It's difficult to see through the canopy below, and as the prop plane banks into the sun, I'm momentarily blinded — squinting into white light before refocusing on the endless sea of green treetops that flow by us a thousand feet below. The single-engine Cessna hums in the humid air of mid-morning, and the drone of the propeller has me daydreaming out the window. I adjust my headset and watch the altimeter tick down as the plane descends toward a rough airstrip — a muddy slice of land splattered onto the verdigris canvas of northern Cambodia.

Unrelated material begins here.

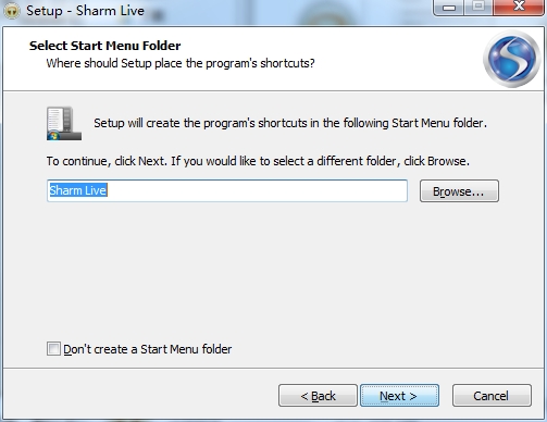 3、设置开始菜单文件夹名称,默认为“Sharm Live”

The seemingly untouched forests below mask, among other things, a country that has been ripped apart by decades of civil war and the brutal regime of the Khmer Rouge. It's staggering to think, as we descend to the airfield, that as many as two million people were either executed or starved to death here only 30 years ago. It's an especially distressing fact, considering that the entire population of Cambodia is only about 12 million people. Imagine a reality where nearly 20 percent of everyone in America is killed. It's a shocking statistic here that is reflected in every corner of the population; there are very few elderly people in Cambodia.
We transfer out to battered SUVs and press on toward the village of Oyadao — a tiny (and I do mean tiny) little town hidden somewhere within the dense jungles of Ratanakiri Province. Our mission here is to speak to a girl named Rochom P'ngieng, who was born in 1979 and went missing as a young girl. On the 13th of January, 2007, a naked, filthy and long-haired woman was captured on the edge of the village of Oyadao. Sal Lou, father of the missing girl, claims that this "Jungle Girl" is his long-lost daughter. Her re-emergence from the forest and return to society made international news (Tarzan references abound) and has begged the question: How did this girl survive alone in the wild, and with who (or what) was she living all this time?